Lexington (Virginia) Case Study and Office Residency, 2018
For two months in the summer of 2018, the ICS Office was installed in a storefront on Main Street in the small town of Lexington, VA. The space served as my art studio and was open to the public as an interactive art exhibition. The installation resembled a conventional office space with various artworks from past ICS Case Studies included. Staff meeting agendas, daily entries in the Office Log Book, and other evidence of the ICS operation became part of the installation.
The Office served as my art studio where I worked on the Lexington Case Study in which I used local news items from the year 1933 as prompts, following research trajectories to create a dossier of micro-histories that provide a look at ordinary lives in Lexington in that era.
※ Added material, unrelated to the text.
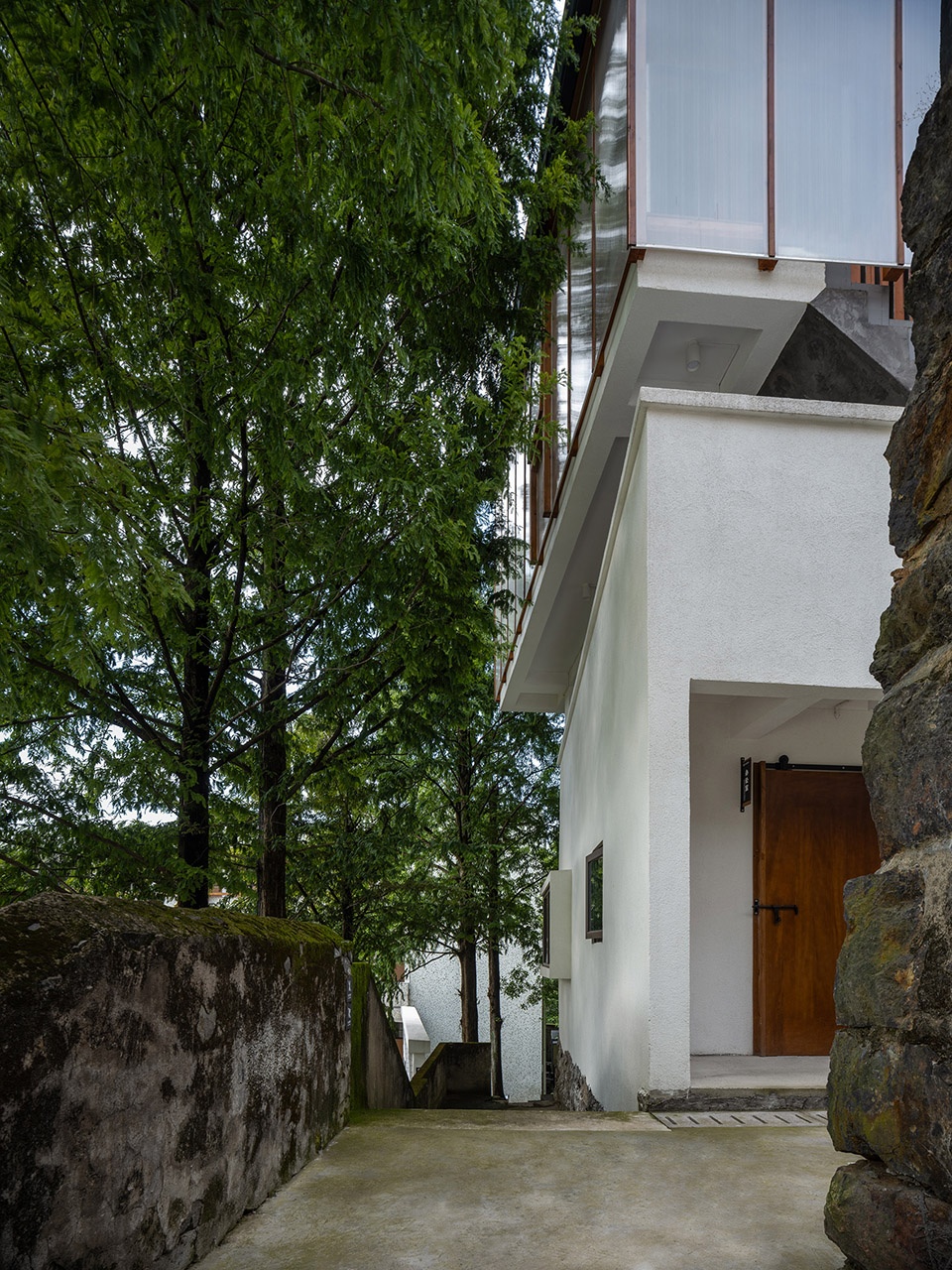 这个营地位于山林中,地势复杂多变。岗亭场地在两个台地过渡处,原本是一间学校办公室,入口位于低层台地,屋顶作为露台,与上一级台地对齐标高。层高随两阶台地高差自然确定,约有4米。

The research material was carefully organized and integrated into the ICS Office installation on the walls where visitors could view the findings. Because of the local connections, some visitors were able to contribute their own information to the study.
During regular Open Office Hours visitors were invited to learn about local history, contribute to the Lexington Case Study, rifle through ICS Office files, peruse records and research materials from past projects, participate in the Clew Registry, watch the ICS Infomercial, enjoy the “Joke of the Day” (taken from issues of the 1933 Rockbridge County News and presented on a sidewalk chalkboard in front of the office), and take tours of the ICS Office. The tours of the ICS Office varied as I adjusted the presentations for each visitor. During these informal performances, I acted in my role as the ICS Chronicler of Inklings, explaining the project and discussing the various aspects of ICS. Conversations in ICS installations may start with Clew Case Studies but tended to veer towards other topics such as visitors’ family histories, ideas about grappling with the inevitable obscurity that is the likely fate of all but a select few, and ways in which the very act of living—and all the micro-actions involved ----is an under-acknowledged effort towards resisting obscurity.